This is because tuple objects (and I'm sure all containers except the string) evaluate their size not , including the actual sizes of their respective contents, but rather by calculating the size of the pointers to the PyObject times the elements they contain. That is, they contain pointers to a (common) PyObject and contain what contributes to its overall size.
This is outlined in the Data Model chapter of the Python Reference:
Some objects contain links to other objects; they are called containers. Examples of containers are tuples, lists, and dictionaries. Links are part of the value of the container.

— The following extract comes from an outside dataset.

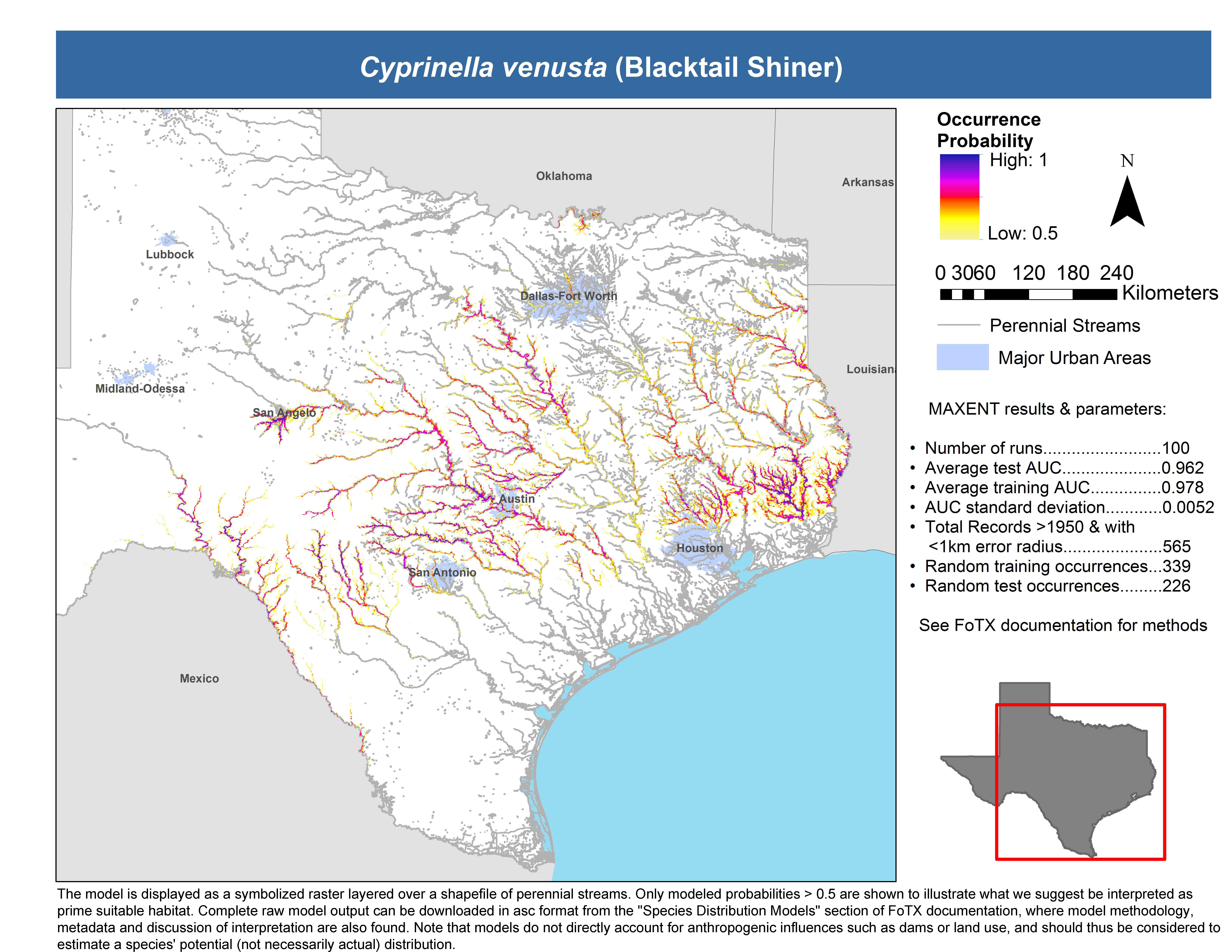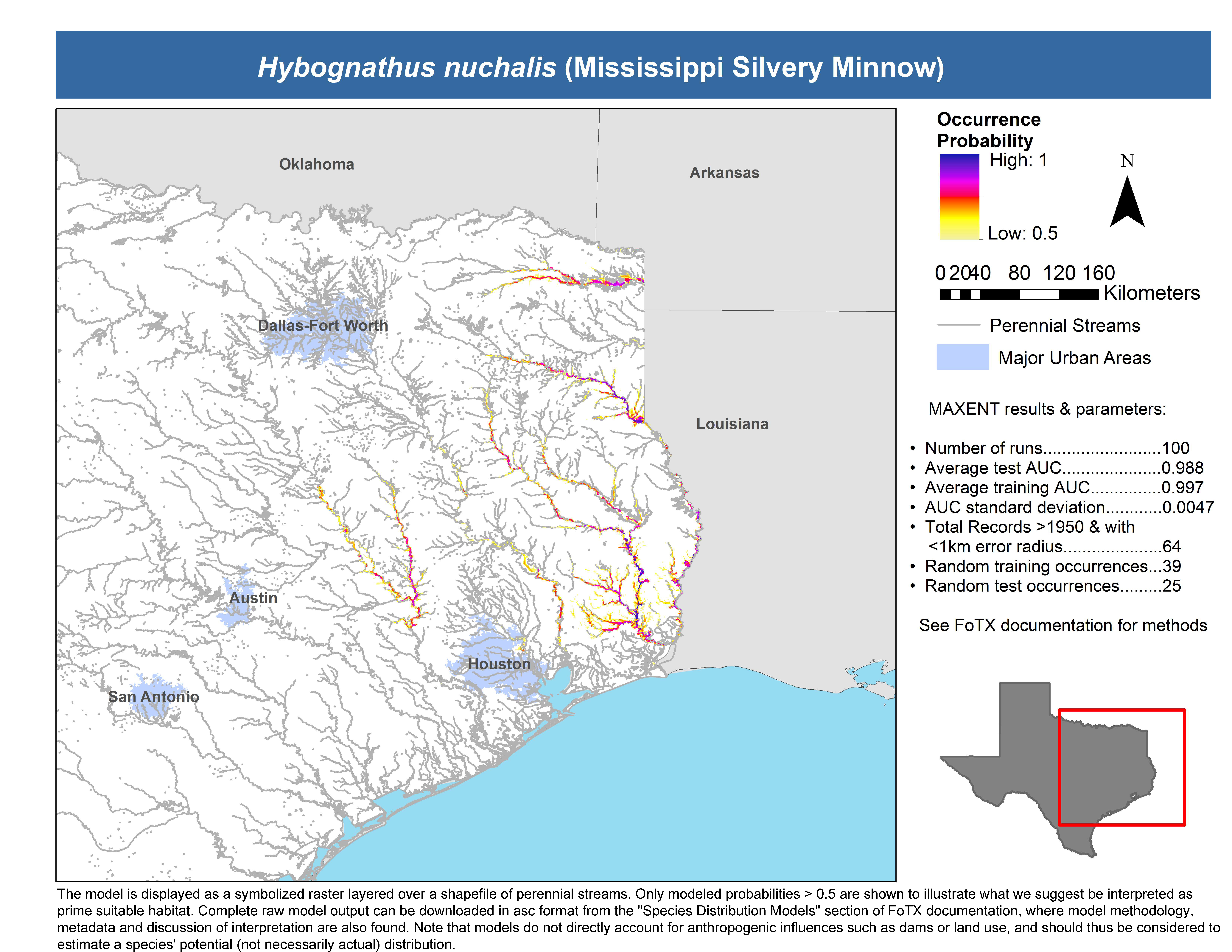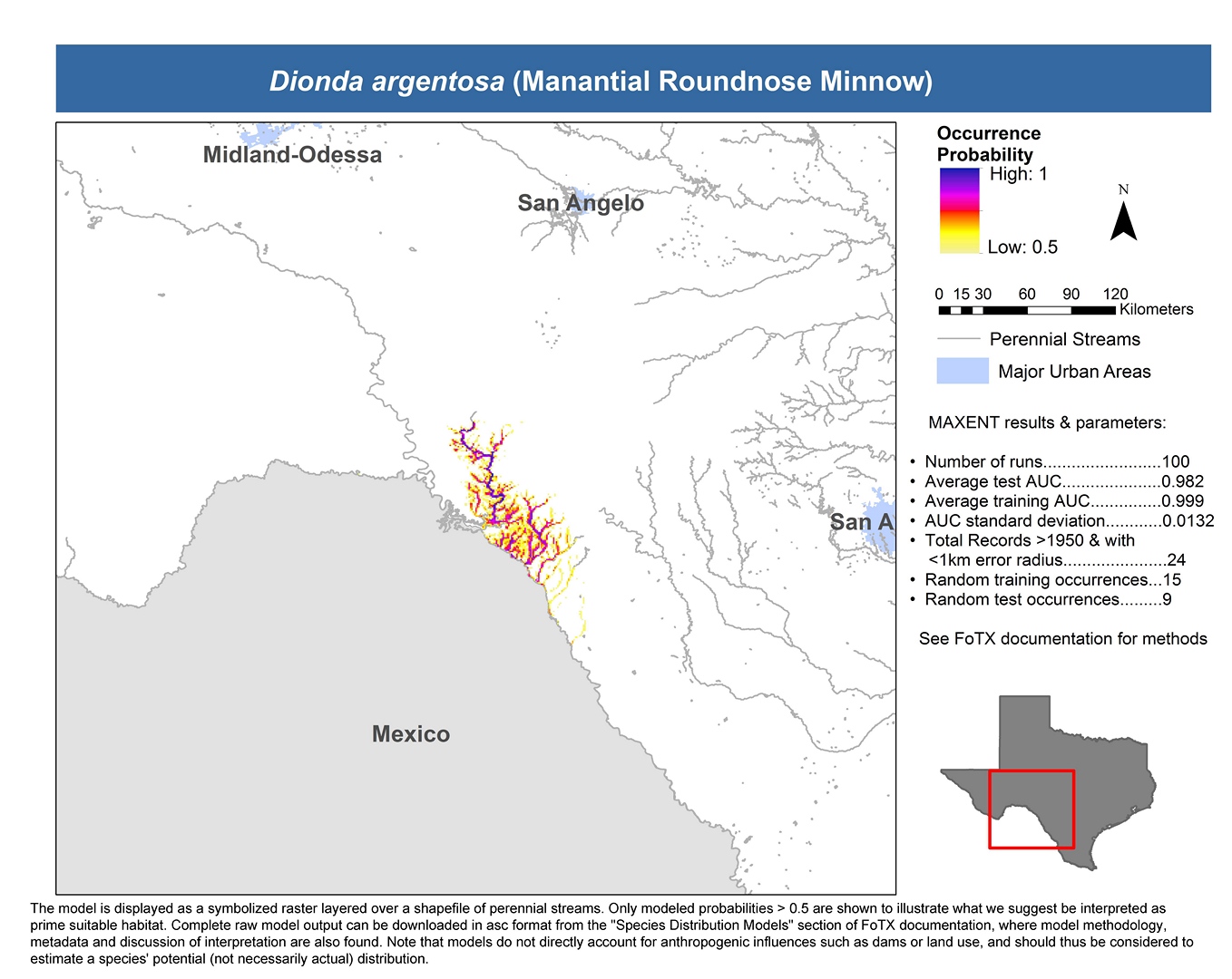 | Cyprinidae | Dionda | argentosa | 01 | zip | jpg | txt | This taxon has been revised in more recent versions of the project data and model results depicted in class 01 models should be considered with that in mind. |

(I emphasize word references.)
In PyTupleType , a structure that contains information about the tuple type, we see that the tp_itemsize field has sizeof(PyObject *) as its value:
PyTypeObject PyTuple_Type = { PyVarObject_HEAD_INIT(&PyType_Type, 0) "tuple", sizeof(PyTupleObject) - sizeof(PyObject *), sizeof(PyObject *),
32 bit assemblies and 64 bit Python assemblies have sizeof(PyObject *) equal to 8 bytes.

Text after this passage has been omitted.